Origins aside, the key to making a quality Old Fashioned is to start with good booze, preferably 100-proof rye — my preference — or bourbon. Actually, start with one raw brown sugar cube in the bottom of an aptly-named Old Fashioned glass, pour in about ¼ ounce of cold water — some recipes call for soda water — add two dashes of Angostura bitters and muddle with whatever implement you have. A wooden spoon will do.

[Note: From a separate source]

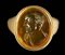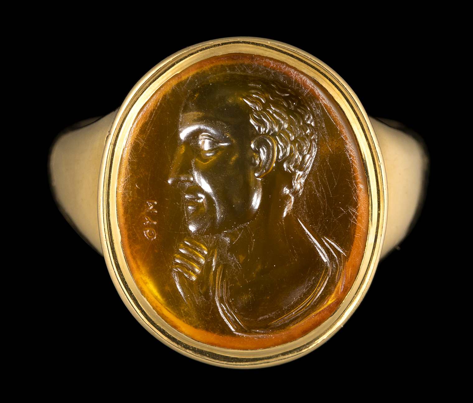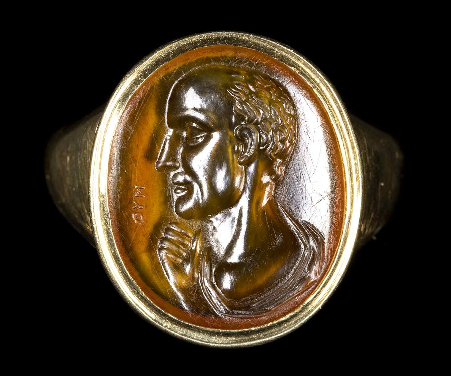 A NEOCLASSICAL AGATE INTAGLIO SET IN A MODERN GOLD RING. BUST OF JULIUS CAESAR.

Once done muddling, pour in two ounces of your whiskey of choice, then add one large ice cube and swirl it. If you insist on a fancy big ice cube like the ones at craft-cocktail bars, invest in a silicon mold that will turn out cubes about 1¼ inch per side. From there, simply twist a piece of lemon skin over the drink and drop it in.

Beyond Whiskey

Once you’ve mastered the technique — and you should — feel free to move on to other base spirits. Old Tom gin and brandy are classic variations, while reposado or añejo tequila make for a mean and more contemporary twist.

Here’s another option: the Oaxacan Old Fashioned, developed by New York’s now-shuttered Death & Co. The cocktail uses one-and-a-half ounces of tequila, a half-ounce of mezcal, a teaspoon of agave nectar and two dashes of Angostura stirred with ice and complemented with a twist of orange peel.

Almost as simple a drink is the classic, equal-parts Negroni. While some recipes call for stirring the gin, sweet vermouth and Campari in an ice-filled mixing vessel for transfer to an Old Fashioned glass, the simplest method is just to pour the ingredients into the final container with ice, stir and sip. Some like to play a little with the proportions, of course. I happen to prefer more gin and less vermouth. And there are myriad other variations, including a Bianco. Give that a Google and have some fun.

Layers, Flutes and More


Stirring and shaking are classic means of both diluting the alcohol and incorporating all the parts of a cocktail. However, some drinks are built in the glass precisely to create layers. A book called The Architecture of the Cocktail, which I received from a talented bartender friend with a degree in architecture, offered up one such cocktail — the Tequila Sunrise.

With that name, the layers make real sense. Put three or so large ice cubes into a highball glass, add one-and-a-half ounces of silver tequila, allowing it to settle into the bottom. Next, slowly pour in four ounces of fresh orange juice. Then, over the back of a spoon, slowly drizzle in a quarter-ounce of grenadine. Toast the dawn.

A different kind of glass altogether, the flute, is required for Champagne cocktails, a kind of bubbly version of the Old Fashioned — at least as far as the sugar cube is concerned. The essential Speakeasy cocktail book offers a great version. Pour a half-ounce of Grand Marnier into a flute and slowly top off with about five ounces of chilled Champagne. Saturate a sugar cube with Angostura and carefully drop it into the flute. Twist a swath of lemon peel over the drink, then discard the spent citrus.

I’m generally not a fan of drinks with crushed ice, but, hey, it’s summer, so why not a Caipirinha? This simple cocktail is based on cachaça, a brash distillate of fresh sugar cane that’s the national liquor of Brazil. You could probably substitute an agricole rum for a slightly more refined drink. In your trusty Old Fashioned glass, muddle half a lime, sliced vertically into quarters with two teaspoons of sugar. Add two ounces of cachaça, fill with crushed or cracked ice and serve. You may notice a resemblance to a rum-based mojito, which replaces the muddled lime and sugar with mint leaves and simple syrup. And why not give that one a go while you’re at it?